Her neyse geçtiğimiz haftalarda Barnes&Noble’daki raflar arasında yine kitaplara bakınırken, çizgi roman bölümünde “Berlin City of Stones” adlı kitabı gördüm. Doğduğum ülkeye başkentlik eden ancak ortasındaki duvar yıkıldığından beri görmediğim Berlin’e gitme istediğim ile çizgi roman merakım bana bu kitabı satın aldırdı. Berlin’in İkinci Dünya Savaşı öncesinde Nazi ülkesine dönüşme sürecini anlatan çizgi roman, politik cephelere bölünmüş insanlardaki çelişkili düşünceleri, sadece politik değil cinsel tercihlere de uygulanan baskıyı gözler önüne sermesiyle beni etkiledi. Berlin'in, 1989'da yıkılan duvarını yaratan koşulların nasıl ortaya çıktığını akıcı ve görsel bir anlatımla aktaran kitap, Hitler'in ülkesine dönüşen Almanya'yı anlamamda bir adım oldu.

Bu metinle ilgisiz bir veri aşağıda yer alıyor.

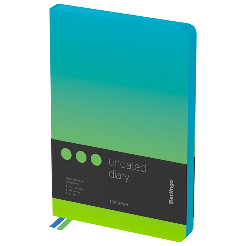 Стильный недатированный ежедневник Berlingo Radiance формата A5 с ярким цветным контрастным срезом и ультрамягкой обложкой из высококачественной экокожи. Насыщенный зелено-голубой градиент стильно сочетается с голубым срезом. Внутренний блок состоит из 136 листов высококачественной кремовой бумаги повышенной плотности 80 г/м² с пантонной печатью в 2 краски. Недатированный ежедневник Berlingo Radiance представлен в размере 143 на 210 мм.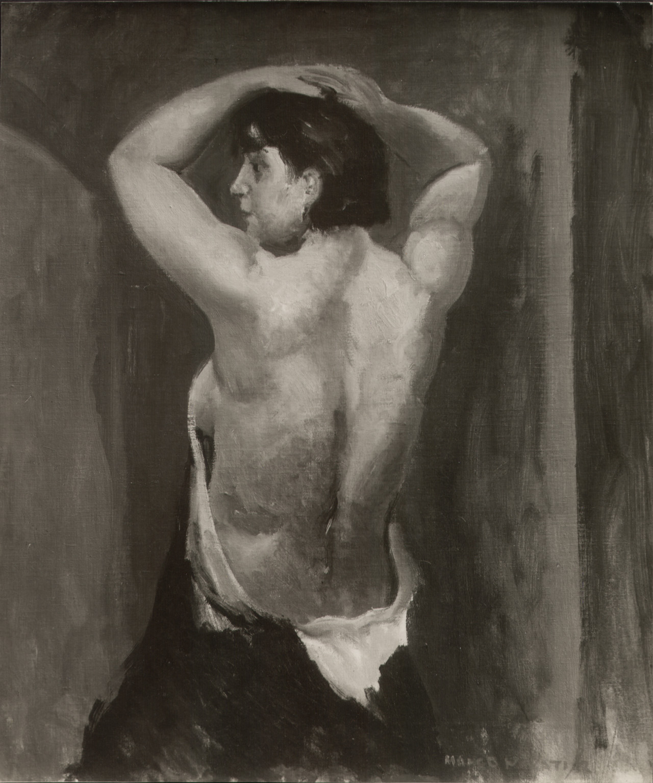 Foto di un dipinto realizzato da Marco Lovati rappresentante una donna seminuda di spalle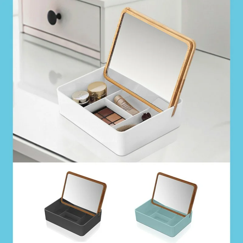 L'organizer cosmetici è costituito da un pratico coperchio in legno di bambù,che in posizione di riposo funge da elemento coprente e protettivo per i propri cosmetici,mentre quando si è in procinto di truccarsi basterà girarlo nel senso inverso e avrete a disposizione un comodo specchio con il quale aiutarvi durante la fase di make-up.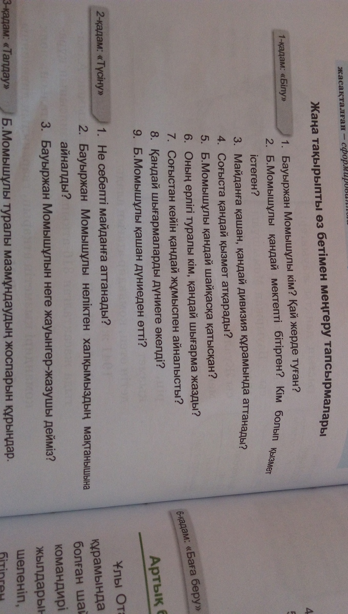 2.Какую школу закончил Бауыржан Момышов? Кем он работает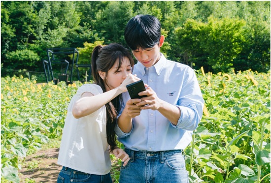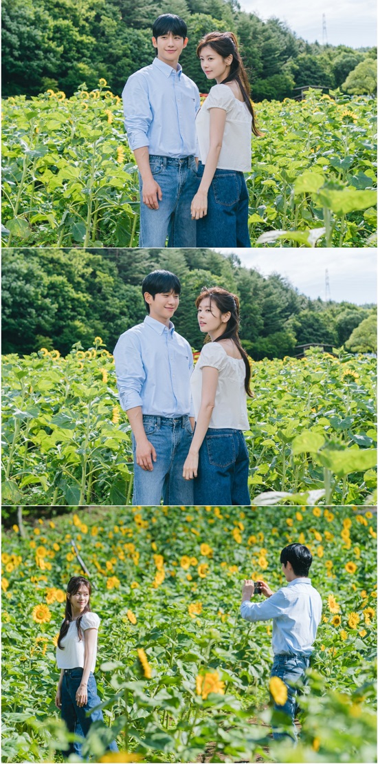 그런 가운데 25일 공개된 사진 속 최승효, 배석류가 달콤한 첫 입맞춤을 나눈 해바라기 꽃밭 사이 본체들의 대기 시간 모습이 이목을 집중시킨다. 마치 그림 같은 풍경을 배경으로 다정한 인증샷을 남기는 두 배우의 청량하고 달달한 비주얼 케미스트리가 감탄을 자아낸다.
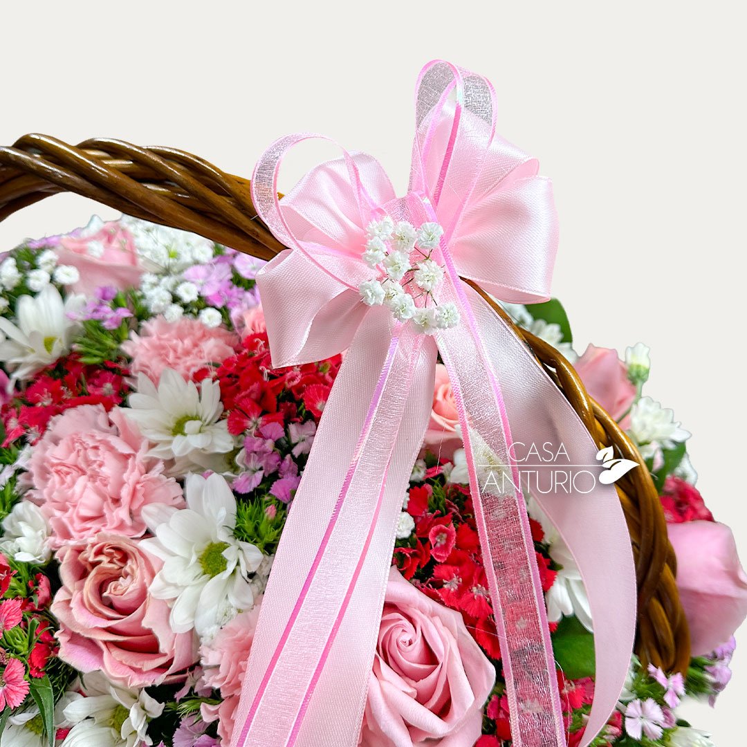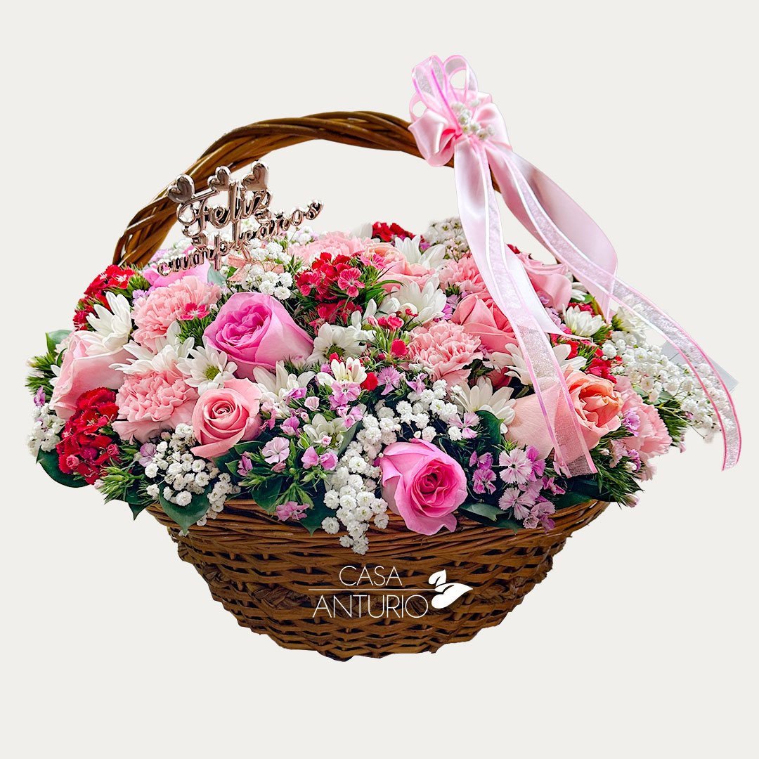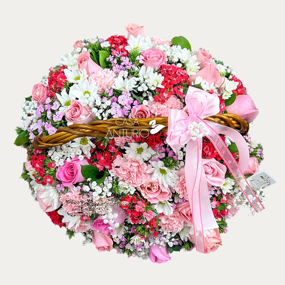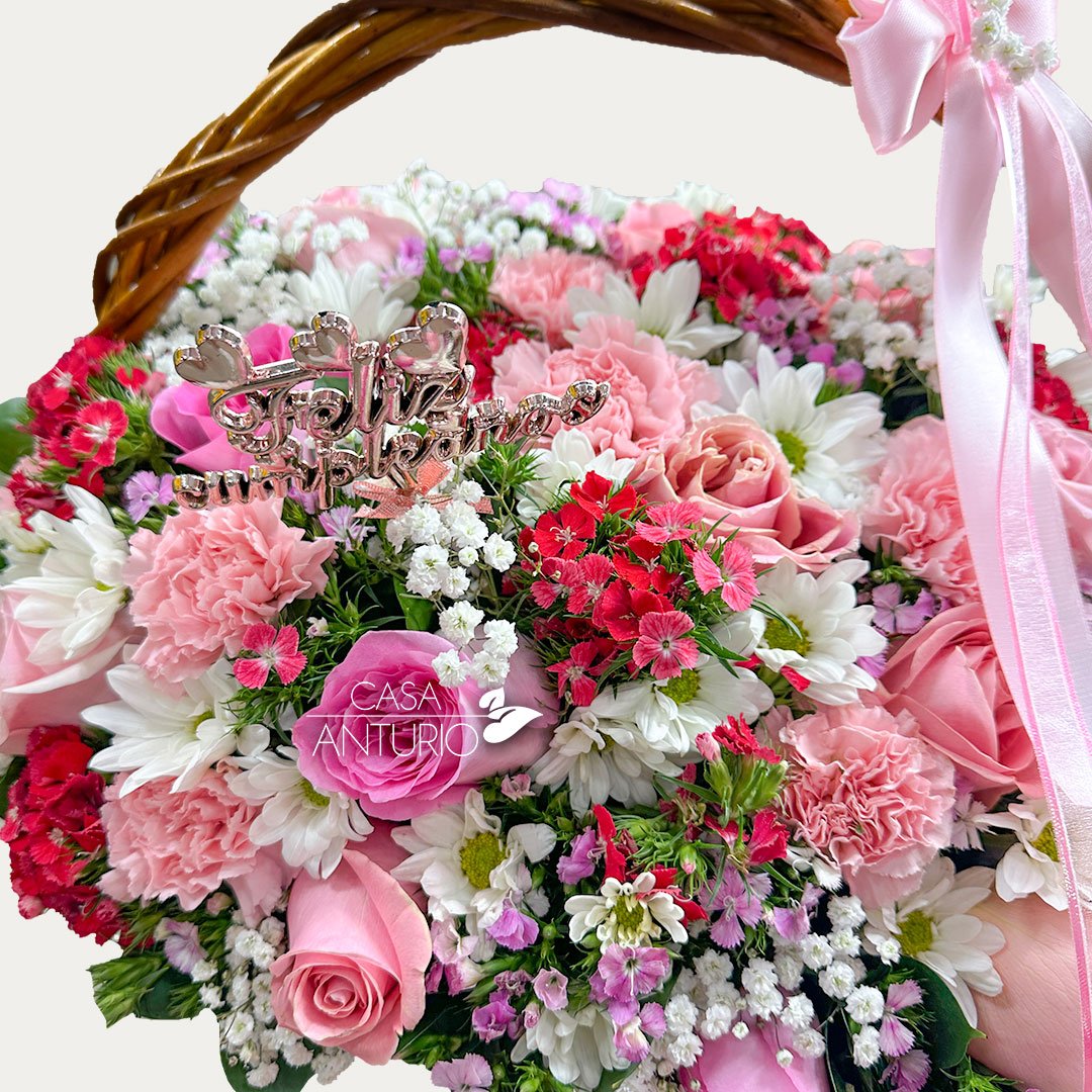 Canasta de 24 rosas con perla, margaritas, claveles y diversos follajes. Un diseño encantador y elegante en presentación tipo canasta, lleno de color, frescura y detalles delicados que resaltan la belleza natural de cada flor. Perfecto para regalar en ocasiones especiales y transmitir cariño, gratitud o admiración. Incluye tarjeta impresa personalizada para que tu mensaje haga este detalle aún más especial.

Jason Lutes’in benim maalesef Türkiye’de hiç duymadığım ünlü Berlin serisini topladığı bu ilk kitabını bitirir bitirmez hemen ikinci cildi olan “Berlin City of Smoke” için kitapçıya gittim. Dün gece ikinci cildi bitirince artık kendimi Jason Lutes hayranı olarak adlandırdım. Berlin’deki tarihi kamplaşmayı, çizgi roman olması nedeniyle hiç de sıkmadan anlatan kitaplar, içimdeki Berlin yolculuğu hevesini kamçıladı.

Unutmadan belirteyim ki Lutes’in Berlin kitapları, İngilizce öğrenme adına yaşadığım Amerika macerasını anlamlı kıldı. Ben biliyorumki geç de olsa “Berlin City of Stones” ve “Berlin City of Smoke” gibi kitapları keşfetmek ve okuyabilmek için çabalıyorum.